--- RAW DATA ---
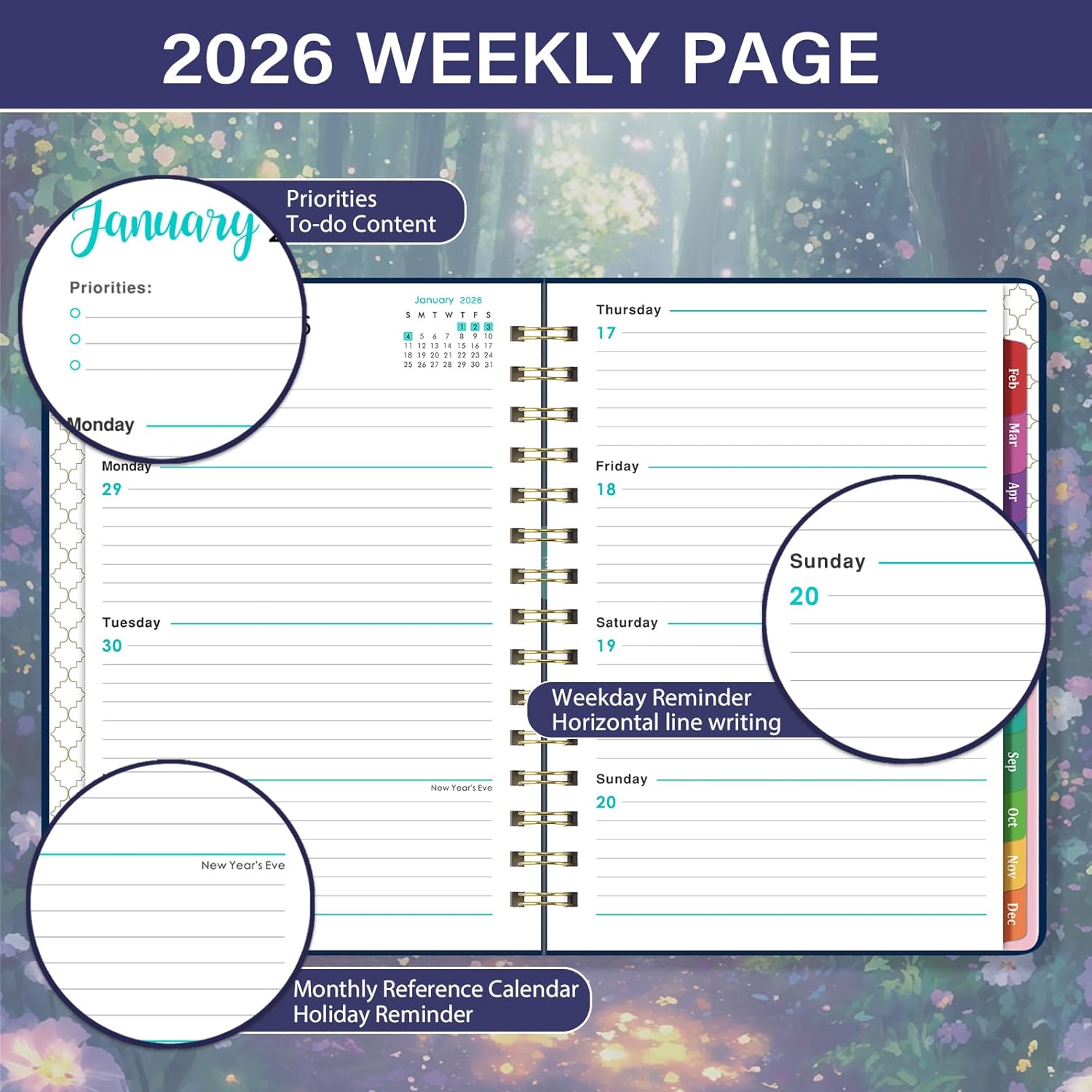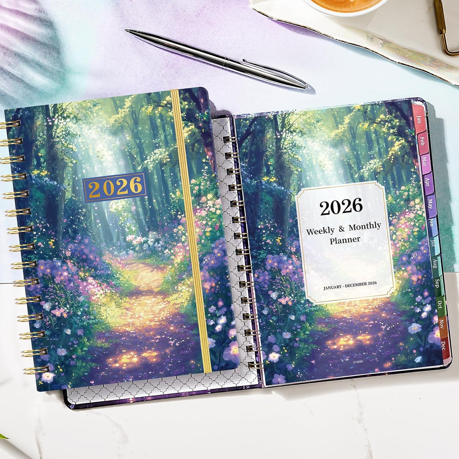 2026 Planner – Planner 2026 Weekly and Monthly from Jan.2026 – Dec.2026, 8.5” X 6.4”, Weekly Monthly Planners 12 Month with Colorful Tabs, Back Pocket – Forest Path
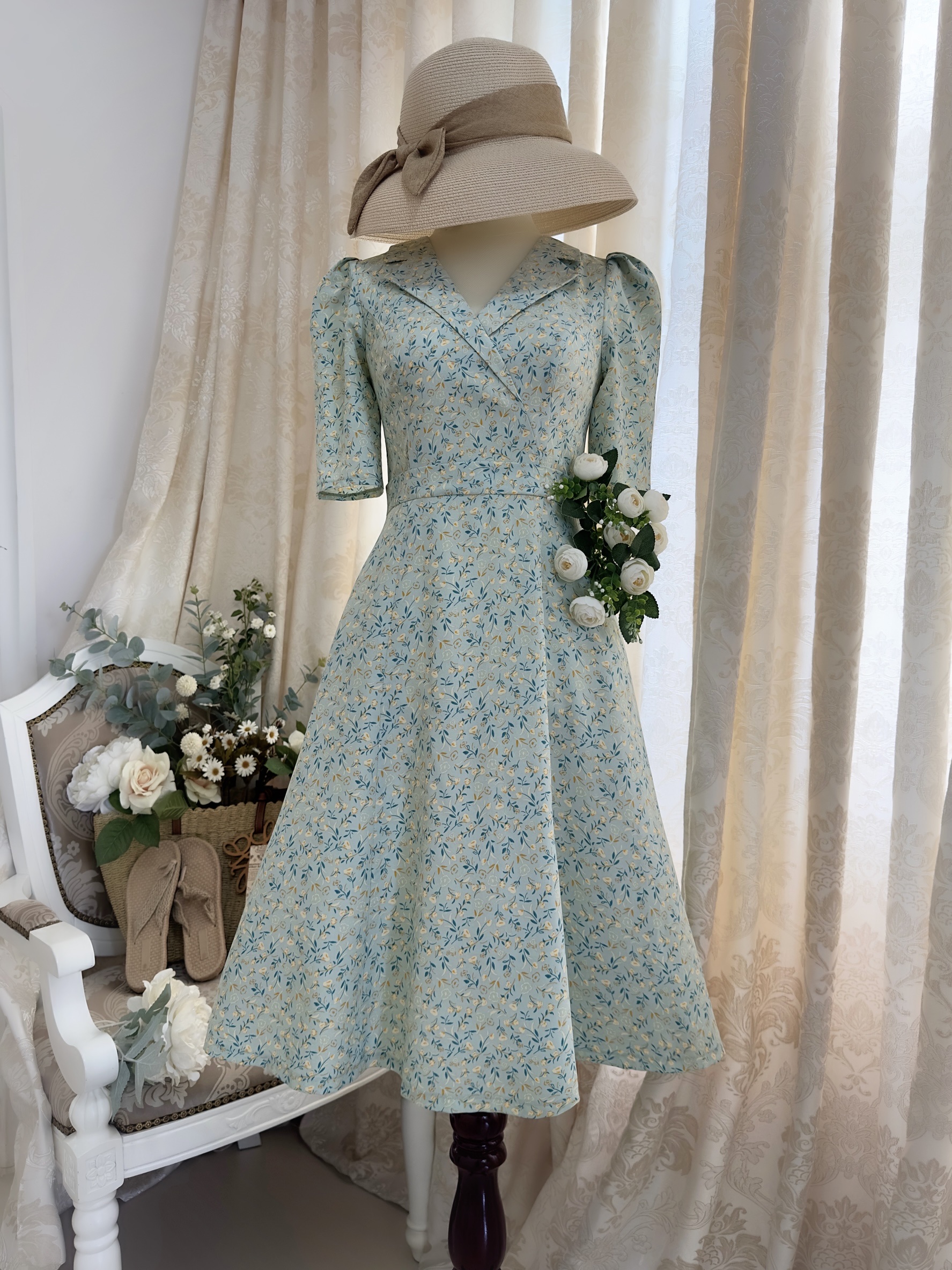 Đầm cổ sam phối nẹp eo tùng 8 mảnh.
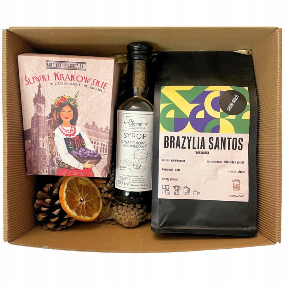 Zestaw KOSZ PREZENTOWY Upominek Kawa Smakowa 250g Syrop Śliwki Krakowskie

--- PROBLEM STATEMENT ---
Could you return exactly the lines starting with the one that contains "Đầm cổ sam phối nẹp eo tùng 8 mảnh." and ending with the last line of the data above? Leave the pictures out.

--- RESPONSE AREA ---
 Đầm cổ sam phối nẹp eo tùng 8 mảnh.
 Zestaw KOSZ PREZENTOWY Upominek Kawa Smakowa 250g Syrop Śliwki Krakowskie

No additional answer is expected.